- _Action item_:
Quote exactly, and only, the lines of the material below from the line with "Chic wide leg" through the line with "Lorelli Poffy Duo".

- _Dataset entries_:
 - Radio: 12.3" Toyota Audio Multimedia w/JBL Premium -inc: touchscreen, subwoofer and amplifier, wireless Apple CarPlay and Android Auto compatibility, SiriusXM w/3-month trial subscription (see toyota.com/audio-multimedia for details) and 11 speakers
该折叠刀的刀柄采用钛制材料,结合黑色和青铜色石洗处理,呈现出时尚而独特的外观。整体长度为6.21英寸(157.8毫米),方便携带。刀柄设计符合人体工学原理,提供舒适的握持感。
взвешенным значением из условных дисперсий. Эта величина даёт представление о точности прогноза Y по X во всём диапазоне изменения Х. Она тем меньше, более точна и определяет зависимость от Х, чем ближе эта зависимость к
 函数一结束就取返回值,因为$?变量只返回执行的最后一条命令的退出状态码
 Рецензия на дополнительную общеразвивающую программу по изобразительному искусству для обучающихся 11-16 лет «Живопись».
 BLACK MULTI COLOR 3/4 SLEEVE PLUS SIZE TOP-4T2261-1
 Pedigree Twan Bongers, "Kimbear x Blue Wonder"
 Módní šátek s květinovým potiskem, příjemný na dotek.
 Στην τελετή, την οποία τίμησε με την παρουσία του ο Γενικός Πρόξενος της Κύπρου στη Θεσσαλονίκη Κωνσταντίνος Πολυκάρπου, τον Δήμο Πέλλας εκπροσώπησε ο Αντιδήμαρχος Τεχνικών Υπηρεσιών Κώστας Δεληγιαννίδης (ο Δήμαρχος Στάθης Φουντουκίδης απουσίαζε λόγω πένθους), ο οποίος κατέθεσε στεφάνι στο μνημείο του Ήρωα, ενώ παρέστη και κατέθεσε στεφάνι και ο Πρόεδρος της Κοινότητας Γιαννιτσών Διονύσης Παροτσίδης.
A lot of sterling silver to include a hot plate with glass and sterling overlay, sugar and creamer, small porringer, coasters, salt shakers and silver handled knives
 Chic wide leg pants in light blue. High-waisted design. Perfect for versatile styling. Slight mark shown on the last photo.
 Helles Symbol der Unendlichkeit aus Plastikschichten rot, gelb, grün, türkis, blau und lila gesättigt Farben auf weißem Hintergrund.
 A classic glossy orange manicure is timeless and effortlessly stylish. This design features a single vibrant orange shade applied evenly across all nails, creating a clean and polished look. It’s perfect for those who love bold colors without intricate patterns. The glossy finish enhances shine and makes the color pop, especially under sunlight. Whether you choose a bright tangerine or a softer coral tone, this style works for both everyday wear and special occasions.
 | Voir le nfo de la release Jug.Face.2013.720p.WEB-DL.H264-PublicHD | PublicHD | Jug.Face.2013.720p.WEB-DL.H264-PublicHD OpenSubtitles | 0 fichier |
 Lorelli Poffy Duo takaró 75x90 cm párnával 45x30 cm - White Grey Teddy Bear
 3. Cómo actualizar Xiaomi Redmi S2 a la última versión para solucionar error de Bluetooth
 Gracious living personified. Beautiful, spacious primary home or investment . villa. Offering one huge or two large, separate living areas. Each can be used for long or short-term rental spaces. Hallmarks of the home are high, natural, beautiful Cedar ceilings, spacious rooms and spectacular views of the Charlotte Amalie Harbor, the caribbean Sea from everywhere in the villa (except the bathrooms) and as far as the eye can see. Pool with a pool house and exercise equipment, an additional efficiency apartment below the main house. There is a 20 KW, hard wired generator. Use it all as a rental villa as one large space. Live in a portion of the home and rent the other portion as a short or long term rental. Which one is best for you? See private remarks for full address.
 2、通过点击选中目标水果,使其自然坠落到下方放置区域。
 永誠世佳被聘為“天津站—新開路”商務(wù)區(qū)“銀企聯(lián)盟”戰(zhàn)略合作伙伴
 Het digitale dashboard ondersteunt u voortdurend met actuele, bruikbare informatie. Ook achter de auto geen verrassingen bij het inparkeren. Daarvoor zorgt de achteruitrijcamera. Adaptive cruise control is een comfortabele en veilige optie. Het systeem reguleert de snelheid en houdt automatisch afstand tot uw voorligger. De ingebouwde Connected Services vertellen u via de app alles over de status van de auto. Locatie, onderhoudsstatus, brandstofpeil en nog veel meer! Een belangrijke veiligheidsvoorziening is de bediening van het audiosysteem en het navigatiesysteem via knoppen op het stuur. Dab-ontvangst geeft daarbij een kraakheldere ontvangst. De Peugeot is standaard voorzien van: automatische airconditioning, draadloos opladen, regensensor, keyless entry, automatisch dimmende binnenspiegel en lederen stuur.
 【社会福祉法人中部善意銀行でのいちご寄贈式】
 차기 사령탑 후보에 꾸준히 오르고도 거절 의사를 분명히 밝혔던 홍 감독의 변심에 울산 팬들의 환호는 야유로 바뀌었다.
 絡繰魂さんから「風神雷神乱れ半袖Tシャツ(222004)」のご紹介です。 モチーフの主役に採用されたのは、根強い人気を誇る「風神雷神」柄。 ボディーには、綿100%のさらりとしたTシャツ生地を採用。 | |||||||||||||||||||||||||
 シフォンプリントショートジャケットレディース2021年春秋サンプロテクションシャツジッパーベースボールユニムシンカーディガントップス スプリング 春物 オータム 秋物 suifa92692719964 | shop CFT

- _Solution below_:
 Chic wide leg pants in light blue. High-waisted design. Perfect for versatile styling. Slight mark shown on the last photo.
 Helles Symbol der Unendlichkeit aus Plastikschichten rot, gelb, grün, türkis, blau und lila gesättigt Farben auf weißem Hintergrund.
 A classic glossy orange manicure is timeless and effortlessly stylish. This design features a single vibrant orange shade applied evenly across all nails, creating a clean and polished look. It’s perfect for those who love bold colors without intricate patterns. The glossy finish enhances shine and makes the color pop, especially under sunlight. Whether you choose a bright tangerine or a softer coral tone, this style works for both everyday wear and special occasions.
 | Voir le nfo de la release Jug.Face.2013.720p.WEB-DL.H264-PublicHD | PublicHD | Jug.Face.2013.720p.WEB-DL.H264-PublicHD OpenSubtitles | 0 fichier |
 Lorelli Poffy Duo takaró 75x90 cm párnával 45x30 cm - White Grey Teddy Bear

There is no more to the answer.